The court below made certain findings of fact and declared certain conclusions of law, resulting in a judgment in favor of the defendant, that plaintiffs recover nothing by their actions. The plaintiffs, having noted numerous exceptions to the court's findings of fact and conclusions of law, appealed to this Court. While the record is voluminous, only two material questions are presented by this appeal.
1. Is the plaintiffs' cause of action for usury barred by the statute of limitations?
2. Are the plaintiffs prevented from pleading usury by reason of the execution of a new note for the balance due on previous transactions involving usury?
The parties having waived jury trial and consented that the court should find the facts, his findings, if supported by evidence, are conclusive.Odum v. Palmer, 209 N.C. 93; Buchanan v. Clark, 164 N.C. 56.
I. It is not controverted that the transactions between the parties consisted of lendings and borrowings in which usury was charged and paid, and it is admitted that all these transactions took place more than two years before the institution of these actions. *Page 696
The plaintiffs contend, however, that prior to and during the period of these entire transactions the defendant C. L. Lindsay was a nonresident of the State, and that under C. S., 411, the statute of limitations would not run in his favor.
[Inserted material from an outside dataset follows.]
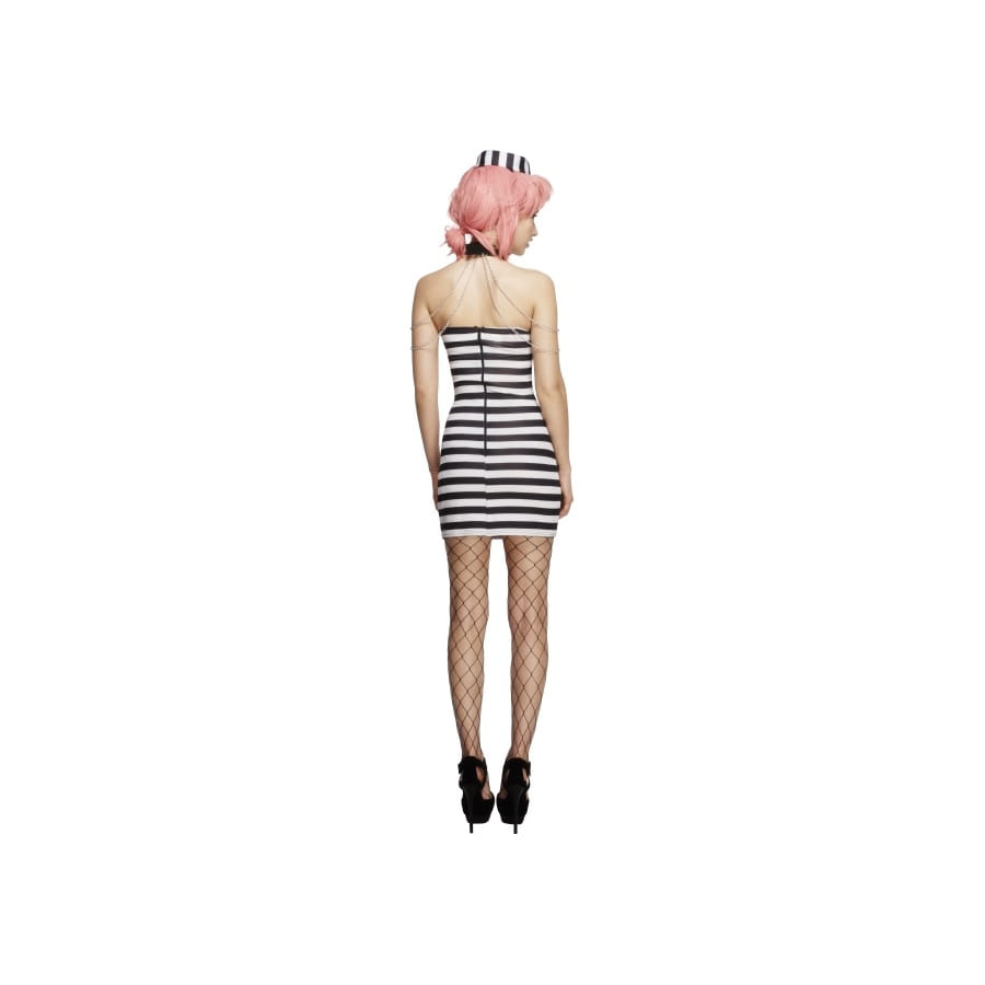Ce n'est pas parce que l'on se déguise en prisonnière que l'on ne peut pas être stylée et sexy. Nous voulons justement prouver cela en proposant ce costume de prisonnière sexy. Ce déguisement met en avant une robe moulante munie de rayures de couleur noire et blanche et parée de chaines grises qui décorent parfaitement la robe. Avec la robe, il y a aussi la coiffe de prisonnière, avec également des rayures de couleur noire et blanche. L, M et S : ce sont les tailles que nous avons en stock pour ce déguisement. Néanmoins, il doit être mis avec des chaussures à talons pour beaucoup plus vous mettre en valeur.
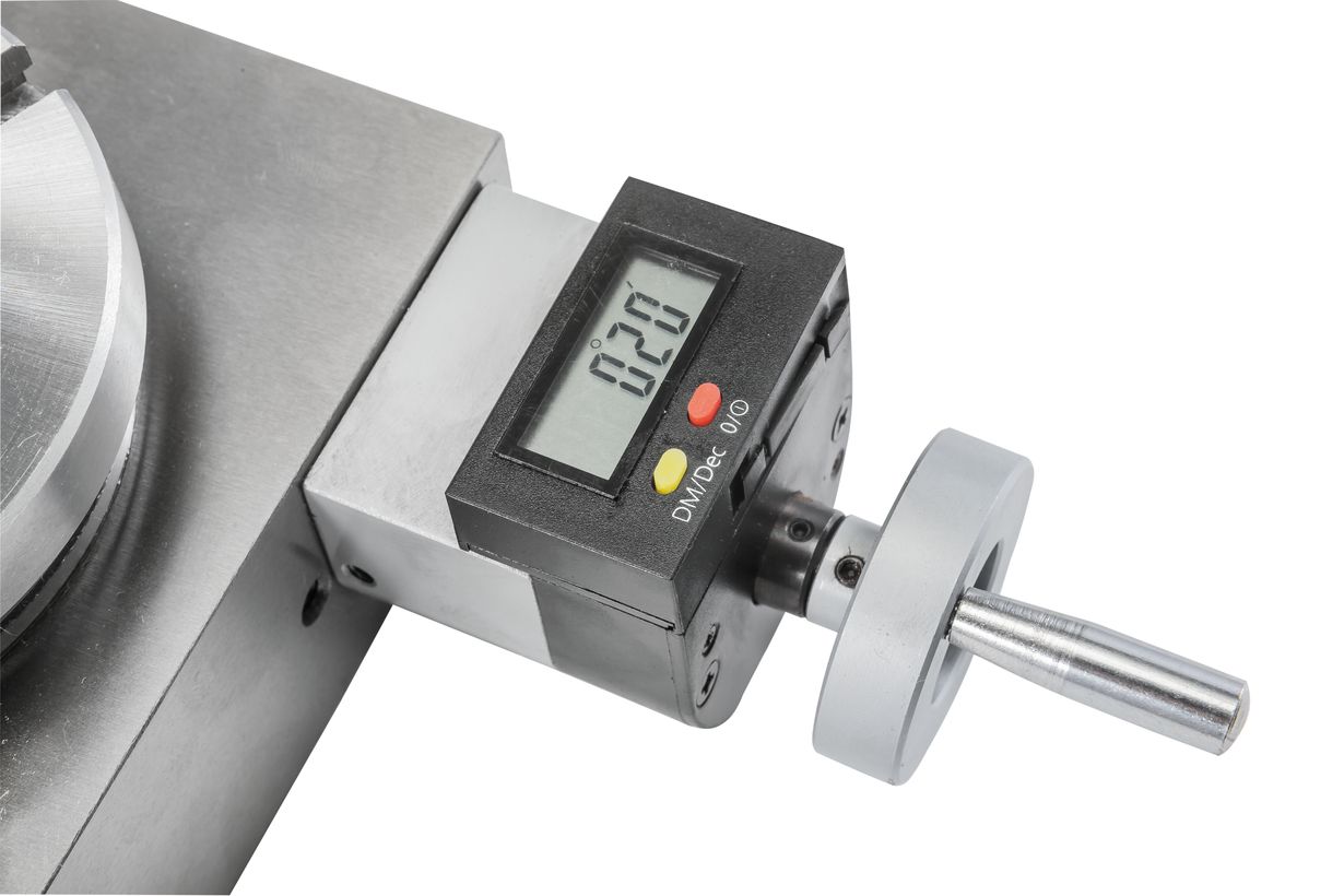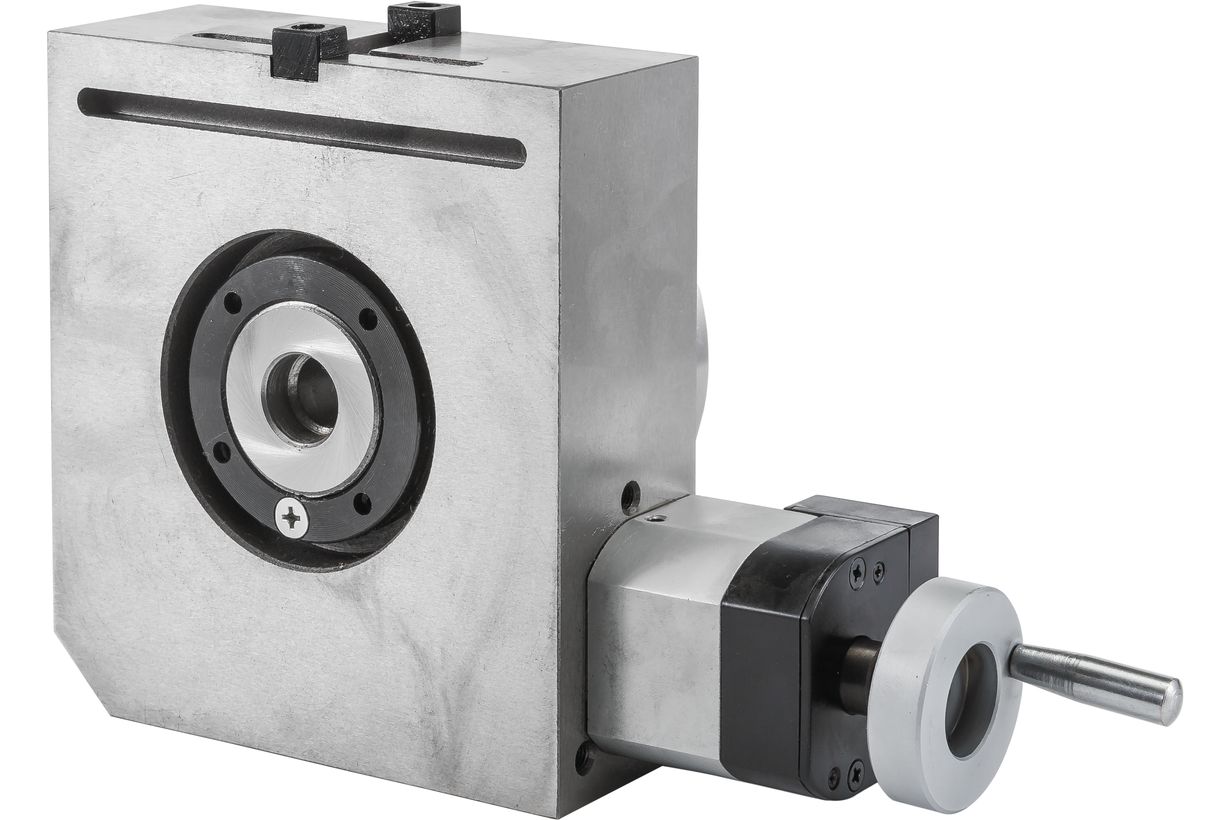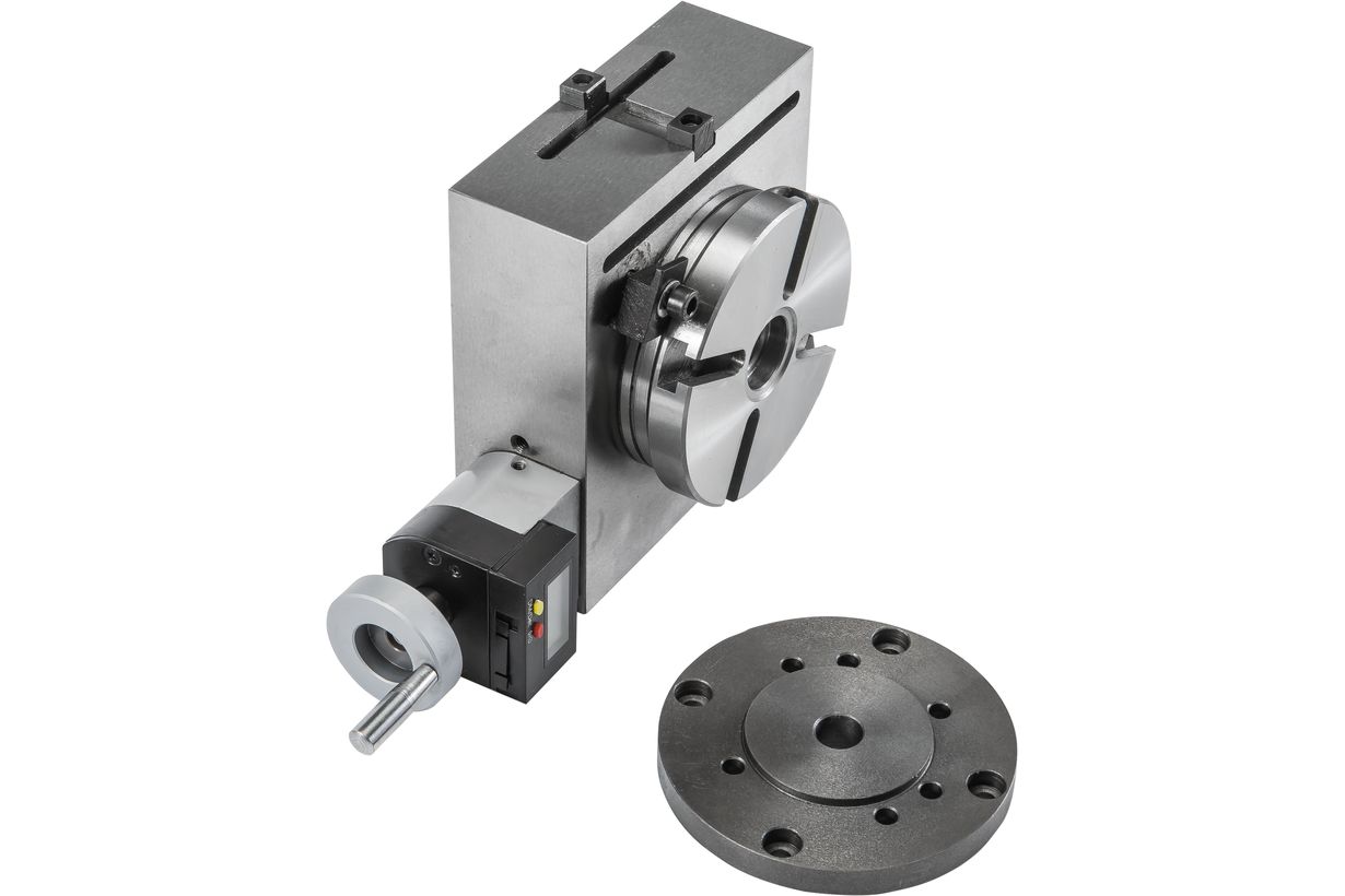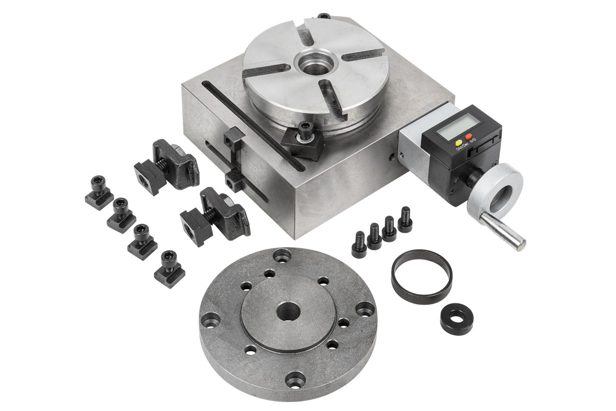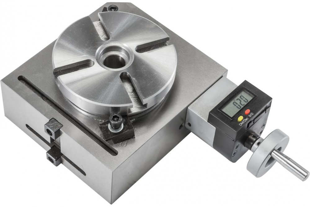 Поворотный стол диаметром 100 мм является одним из вариантов основной оснастки, используемой для обработки деталей и заготовок на фрезерно-сверлильных станках модели JMD-1, JMD-X1, JMD-1L, JMD-2, JUM-X2, JMD-16A, JMD- 20LA и JMD-20LA DRO. Стол имеет поворотный механизм, обеспечивающий круговое вращение на 360° вокруг оси стола. Приспособление обладает техническими возможностями для позиционирования обрабатываемой детали в широком диапазоне, как в горизонтальном, так и в вертикальном положении. Поворотный стол имеет центральной отверстие с конусом МТ2 и Т-образные углубления для установки прихватов.

The pertinent portions of this statute are as follows:
"If, when the cause of action accrues . . . against a person, he is out of the State, action may be commenced within the times herein limited, after the return of the person into this State; and if, after such cause of action accrues . . . such person departs from and resides out of this State, or remains continuously absent therefrom for one year or more, the time of his absence shall not be a part of the time limited for the commencement of the action."
This statute has been construed by this Court, in Armfield v. Moore,97 N.C. 34, and Lee v. McKoy, 118 N.C. 518, to mean that where the debtor is a nonresident at the time the cause of action accrues, the statute does not begin to run in his favor until he shall return to the State for the purpose of residence, not simply on a visit.
"While he is a nonresident, and from the time he becomes such, the statute is ipso facto suspended. . . . Nor would occasional visits to the State put the statute in motion." Lee v. McKoy, supra.
In the case at bar the defendant alleged in his answer "that he is now and has been for about 12 years a resident of the District of Columbia," and there was a finding by the referee, approved by the judge, "that the defendant C. L. Lindsay has his legal residence in Washington, D.C., and since 1927 has spent seven to nine months of each year there, and from three to five months of each year in the State of North Carolina."
Being a nonresident of the State, he may not be permitted to invoke the protection of the statute of limitations, even though he may spend some time each year in the State.
Nor could this rule be affected by the fact that he owned property in North Carolina (Grist v. Williams, 111 N.C. 53), or had an agent in this State (Williams v. Building Loan Assn., 131 N.C. 267; Green v. Ins.Co., 139 N.C. 309); Volivar v. Cedar Works, 152 N.C. 34.
II. The defendant contends that by a settlement of previous transactions and the execution of a new note at the legal rate of interest the plaintiffs are estopped now to set up claim of usury.
It appeared that on 29 April, 1929, plaintiffs executed a note to another for the benefit of the defendant in the sum of $5,850, covering the balance due defendant on a previous note and other items, and as security therefor executed deed of trust on certain real estate and placed in the hands of the defendant's attorney certain collaterals as additional security; that on this note $175.50, in addition to the legal rate of interest, was charged and included in the total; that when this note became *Page 697 delinquent foreclosure was threatened; that the payments on the note had reduced the amount to $3,599.19; that pursuant to an examination of the credits and ascertainment of balance due, on 29 May, 1930, a new note in the sum of $4,000 was executed by plaintiffs to defendant's attorneys, and by them endorsed to defendant, to cover the balance due on the $5,850 note and a discount of 1 1/2%, or $60.00 in excess of the legal rate of interest, was charged by defendant and included therein. It was found, however, that the difference between the amount of the new note and the ascertained balance of old note was due to a mutual mistake, and that the discount was not in fact paid.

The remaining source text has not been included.